これだけのコミュニケーションの努力の上に作られたのが世界的にも評価される高畑作品であり、ジブリの作品であることを考えると、そこまでの努力を尽くして初めて、民主主義も理想に近づけるのではないかと思えるのである。逆を言えば、そこまでの努力がないから、民主主義は危機に瀕しているともいえる。

昨今の政治家たちの言葉の薄っぺらさ、私たち有権者をまったく納得させられない言説。その裏で彼らは伝えるための努力をしているのだろうか。相手を理解するための努力をしているのだろうか。その努力をしたくない怠け者たちが、「民主主義は多数決」という定義を盾に、民主主義をいいように利用しているように見える。

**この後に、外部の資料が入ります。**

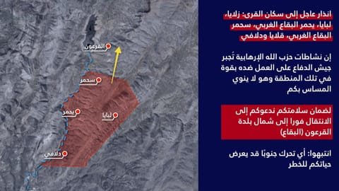 إنذار إسرائيلي عاجل إلى سكان القرى اللبنانية: زلايا لبايا يحمر (البقاع الغربي) سحمر (البقاع الغربي) قلايا دلافي بوجوب الانتقال فوراً إلى شمال بلدة القرعون (البقاع)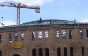 Pues bien, la plaza de toros es un gran juego de playmobil, en el que podemos ver cascos de diferentes colores: los hay blancos, verdes, rojos; todo un repertorio de monos que los empleados llevan y que se distinguen según la empresa a la que pertenezcan; hay trabajadores intrépidos que deambulan colgados con sus arneses, otros manipulan el mecanismo que hace funcionar las inmensas grúas que coronan el edificio; toda una hilera de albañiles van y vienen, entran y salen de entre los tendidos o de las innumerables zanjas que cicatrizan la obra; es digno de ver la maraña de pequeñas excavadoras y no tan pequeñas, volquetes, camiones-grúa, otras grúas de otro tamaño que hacen volar a los operarios en la fachada; cristales que vuelan y se acoplan al techo de vidrio que cubre la plaza; un sinfín de tubos y demás cables que están enterrados o en proceso; el capataz que supervisa y pone en solfa todo el tinglado, el jefe de obra o quien sea que manda más que nadie y que se distingue por su indumentaria algo más fina; el reflejo de la soldadura en el techo y aledaños; el tremendo edificio piramidal anexo en el que las paredes-espejos puede que reflejen las caras de los vecinos; en fin, y para acabar de completar el playmobil, la avenida de la Constitución es el toque definitivo. Un ir y venir de camiones, excavadoras, tuberías, arena por doquier y la apisonadora con su empleado-playmobil conduciéndola, una gran cantidad de protectores rojo-blancos que delimitan el tráfico rodado de la obra; aceras estranguladas por las vallas y la pared, donde los coches de bebés son un peligro; planchas de hierro que salvan alguna cochera… y Mercadona (que merecería un playmobil especial aparte). Tenemos en este juego maravilloso, digno de los Reyes Magos y que cualquier niño soñaría, las tiendas de alrededor, los bares, fruterías… ¡Qué espectáculo que se nos ofrece gratuitamente a la ciudadanía!. Incluso, para que no falte de nada, también hemos cambiado unos playmoboil-villena por otros playmobil-biar, y es que este juego es creativo, podemos quitar y poner.

今の薄っぺらな言葉しか持たない政治家たちには、「火垂るの墓」を見て「あの惨禍を二度と・・」などと語る前に、その映画を作るために高畑勲がどれだけの言葉を尽くし、周囲とコミュニケーションの努力をしてあの作品が生まれたのか、そのプロセスをこそ知ってほしい。それこそが民主的ということなのだと思うから。

もちろん、展示を見ながらほかにももっといろんなことを考えたけれど、ひとつ今回の感想として書くとしたらこれだと思った。他のことはまたいずれ。